Wo ist die ganze Baumwolle geblieben?
Städte wie Masulipatnam, Dhaka, Calicut und Kashi entwickelten sich zu großen Zentren der Baumwollweberei.
Veröffentlicht: 27. August 2022 00:37 | Letzte Aktualisierung: 27. August 2022, 00:37 Uhr | A+A A-
Das Bild dient nur zu repräsentativen Zwecken. (Dateifoto | EPS)
In einem Einkaufszentrum in Bengaluru suchte ich nach Baumwollkleidung, die ich jeden Tag tragen konnte. Allerdings kehrte ich mit kaum etwas nach Hause zurück – fast mit leeren Händen! Kleidungsstücke aus reiner Baumwolle, insbesondere Unterwäsche, sind schwer zu finden. Bei Kleidungsstücken aus „Baumwolle“ ist auch ein gewisser Anteil synthetischer Materialien beigemischt, der normalerweise im Kleingedruckten auf dem Etikett angegeben ist.
Als ich Twitterati nach anderen Baumwollmarken als FabIndia fragte, war die Auswahl wirklich begrenzt. Diejenigen, die den Khadi Ashram vorgeschlagen haben, haben ihn nie wirklich besucht. Dies ließ mich über die fehlende Baumwolle und ihren Weg nachdenken, von bescheiden und allgegenwärtig zu Premium und Elite.

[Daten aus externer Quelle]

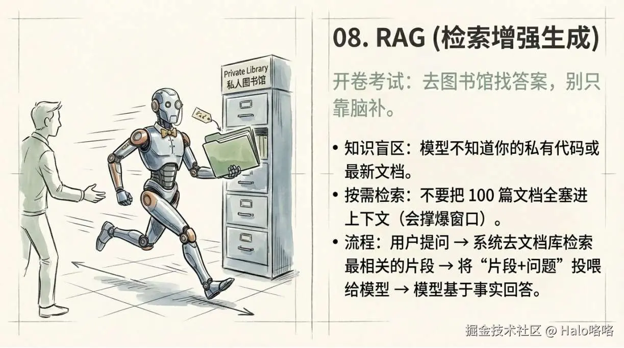模型只知道训练数据里有的东西,你的业务文档、最新 API 文档、私有代码库——它一概不知。RAG 是标准解法。

Diese zunächst bescheidene Baumwolle ist eng mit der Geschäftsgeschichte Indiens verbunden. Mit seinem Reichtum an Baumwollexporten beherrschte Indien viele Jahrhunderte lang die Welt. Wir waren nicht nur gut darin, qualitativ hochwertige Baumwolle herzustellen, wir waren auch Erfinder und experimentierten mit der Weberei. Wir haben herausgefunden, wie man dem Stoff Farbe verleiht und so die Anzahl der Produkte vervielfacht, die mit demselben Grundstoff verkauft werden. Eine unserer wichtigsten Innovationen war das Hinzufügen von Farben, die nicht verlaufen – und die Welt war verrückt nach unseren Stoffen. Städte wie Masulipatnam, Dhaka, Calicut und Kashi entwickelten sich zu großen Zentren der Baumwollweberei.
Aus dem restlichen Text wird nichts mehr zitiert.